You're probably attracting the wrong kind of guy.

Source: nd3000/Shutterstock

A few years back, when I was single and had the common affliction of always going for the wrong kind of guy, a well-meaning friend gave me a paperback called The Complete Book of Rules: Time-tested Secrets for Capturing the Heart of Mr. Right.

It promised much: All a girl has to do is hold back and let the guy do the running. Make sure he knows you’re too busy to see him. Don’t call him, and it will make him desire you more. I’ve now come to realize that while there’s a little bit of truth in this stuff, it's mostly nonsense.

Yes, if you show that you’re confident and you don’t “need” somebody, you appear like you’ve got lots of options and so you must be a good catch. The trouble is, though, that if you pretend you’re not fussed about having someone there for you, you’re going to be an attractive choice for a guy that’s not that into commitment. Or in developmental psychology parlance, you’ll end up with someone who’s avoidantly attached. When you eventually choose to reveal that you would in fact quite like a nice intimate relationship, a potential partner with an avoidant attachment style will run for the hills.
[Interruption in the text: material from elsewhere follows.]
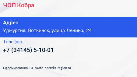 ЧОП Кобра по адресу Удмуртия, Воткинск, улица Ленина, 24 в дальнейшем Организация, размещена в следующих категориях:
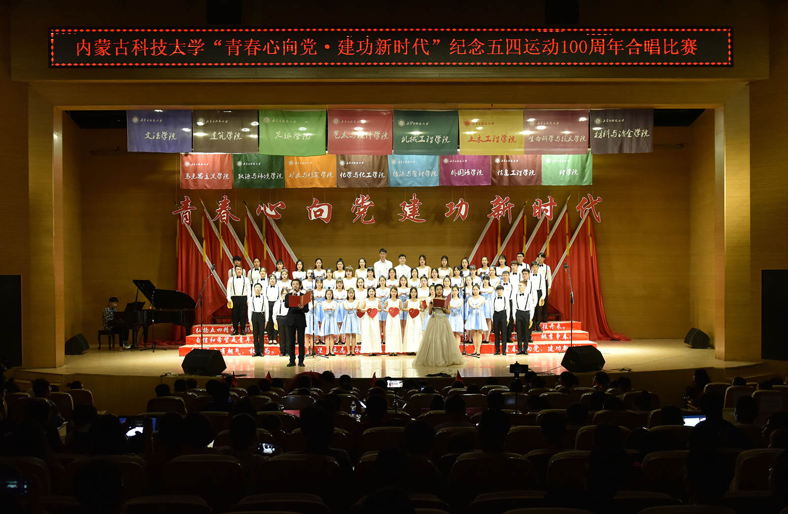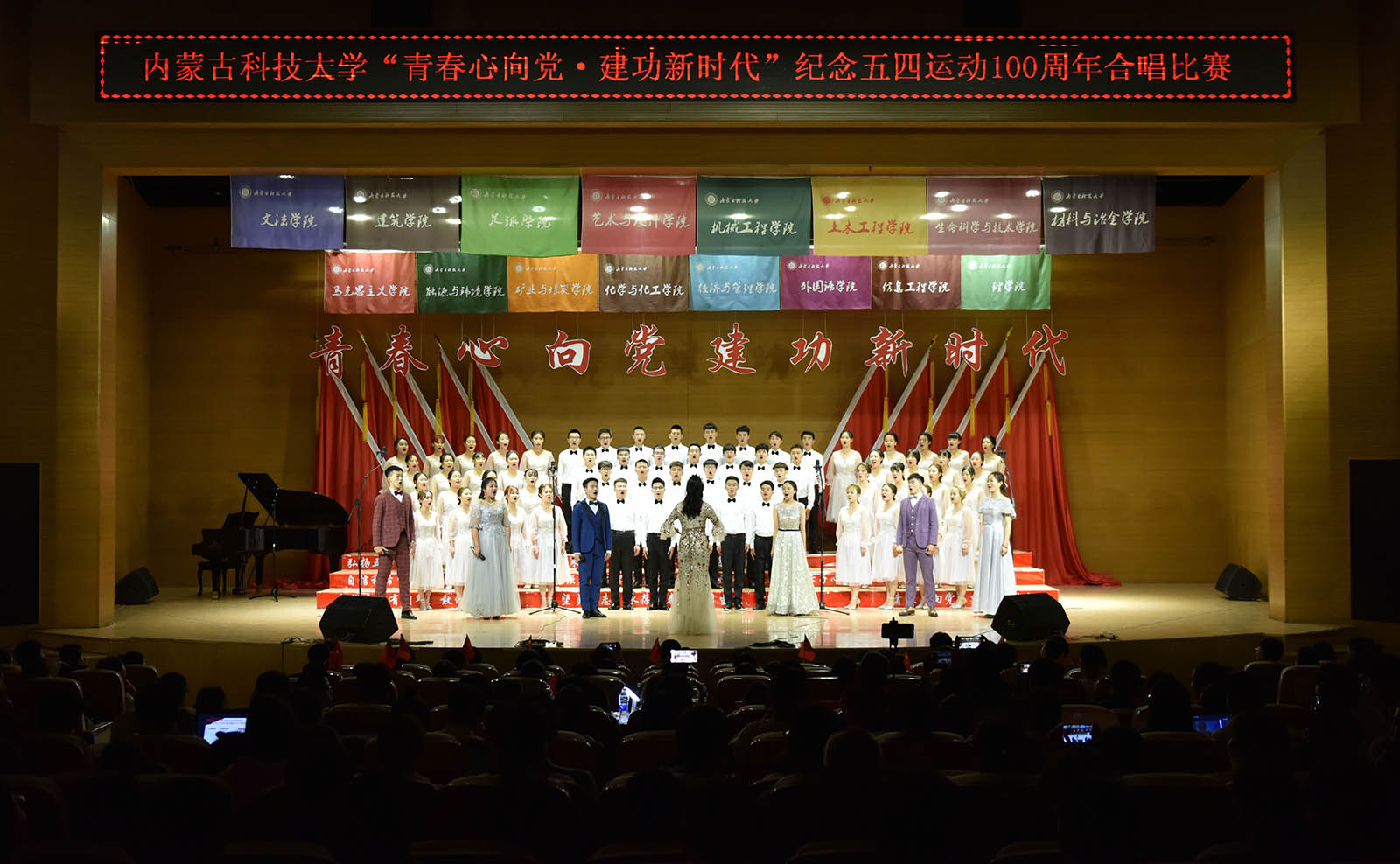 忆往昔峥嵘岁月,抒今朝爱国情怀。5月9日晚,“青春心向党·建功新时代”纪念五四运动100周年合唱比赛在js3845金沙线路音乐厅举行。校党委委员、宣传部部长杨家庆,学生工作部、团委相关负责人,各学院党总支书记、副书记、副院长及师生代表500余人到场观看。来自全市各艺术领域的5位教师吕艳花、史怀英、韩图雅、陆佳、乔羽担任本次比赛特邀评委。

Patterns of attachment were first studied by psychologists in infants, rather than adults. The more secure a child is in his or her emotional bond with a parent, the more they can go out into the world with confidence and independence. It turns out, though, that attachment styles extend into adulthood and lead to predictable behaviors in romantic relationships. The most successful couplings are those in which at least one partner is securely attached, because "secures" aren’t afraid of commitment, and are good at communication and compromise. The rest of us are insecurely attached—either anxiously, meaning that we tend to obsess about our relationships, worrying about whether or not our partner loves us and constantly playing games to test the relationship, or avoidantly, meaning that we worry about losing independence and keep partners at arm’s length.

It makes perfect sense—we’re simply adjusting to what our relationships are telling us about how much we can trust others, and then behaving accordingly. If experience tells us that we can’t rely on others to care about us, then we either try like crazy to make sure new prospects do care, or we withdraw and try to look after ourselves.

There is a bit of a sex difference, with insecure women being slightly more inclined to be anxiously attached, and insecure men more likely to be avoidant, which could explain the stereotype of clingy females trying to pin down commitment-phobe blokes.

“The trouble is, anxiously attached people have a habit of getting together with avoidants,” says Amir Levine, psychiatrist and neuroscientist at Columbia University, and one of the authors of Attached: Identify Your Attachment Style and Find Your Perfect Match.

This is exactly the wrong thing for them to do, because avoidants just exacerbate their anxiety, and it happens partly because avoidants circle more quickly in the dating pool. Like sharks, I think. While securely attached people tend to stay for the long term, avoidants have shorter partnerships and become available again more quickly.

Although avoidant people do want relationships, they’re not comfortable with too much closeness, so they have a lot of what Levine calls "attachment deactivation strategies"—basically ways to maintain their distance. Like not saying "I love you," being vague about the future, or walking a couple of steps ahead of their partner.

So how can people who are a bit anxious make better choices? It’s clear who the secure people are, but they never seem quite so interesting. That’s partly because they don’t play games and you don’t get the emotional roller coaster, Levine says, but give them a chance and you get a very different, much more rewarding experience. “People who are anxious have a very reactive attachment system," Levine says. "They get attached very quickly, even after just one night.”

The trick is to maintain a bit of distance when you first start seeing someone while you're making a judgment about whether they are right for you. Rule out avoidant types early on by checking out how interested prospective partners are in emotional intimacy: If they don’t like it when you ask what they want from a relationship, chuck ’em.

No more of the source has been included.